What this task involves
Pictures are to be omitted; everything else in the data must be transcribed exactly.
═════ Dataset extract ═════
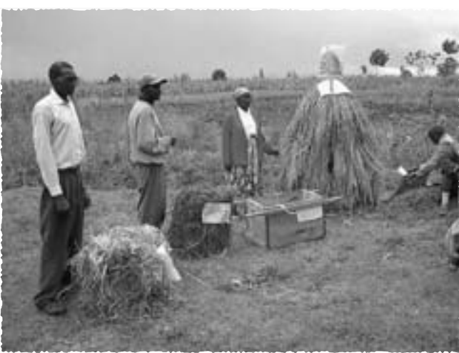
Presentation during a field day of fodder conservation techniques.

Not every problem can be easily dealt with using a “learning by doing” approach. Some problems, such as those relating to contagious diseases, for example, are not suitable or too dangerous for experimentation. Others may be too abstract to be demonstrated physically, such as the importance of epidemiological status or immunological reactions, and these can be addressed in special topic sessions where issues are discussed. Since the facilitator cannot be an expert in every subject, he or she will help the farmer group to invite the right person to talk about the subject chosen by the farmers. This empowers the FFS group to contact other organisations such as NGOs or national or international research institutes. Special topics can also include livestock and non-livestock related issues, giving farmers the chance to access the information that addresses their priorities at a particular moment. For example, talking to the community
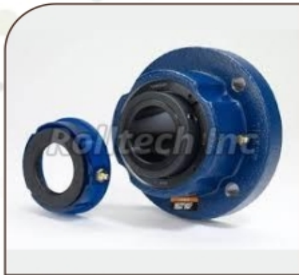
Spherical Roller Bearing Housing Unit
═════
Task solution
Presentation during a field day of fodder conservation techniques.

Not every problem can be easily dealt with using a “learning by doing” approach. Some problems, such as those relating to contagious diseases, for example, are not suitable or too dangerous for experimentation. Others may be too abstract to be demonstrated physically, such as the importance of epidemiological status or immunological reactions, and these can be addressed in special topic sessions where issues are discussed. Since the facilitator cannot be an expert in every subject, he or she will help the farmer group to invite the right person to talk about the subject chosen by the farmers. This empowers the FFS group to contact other organisations such as NGOs or national or international research institutes. Special topics can also include livestock and non-livestock related issues, giving farmers the chance to access the information that addresses their priorities at a particular moment. For example, talking to the community
Spherical Roller Bearing Housing Unit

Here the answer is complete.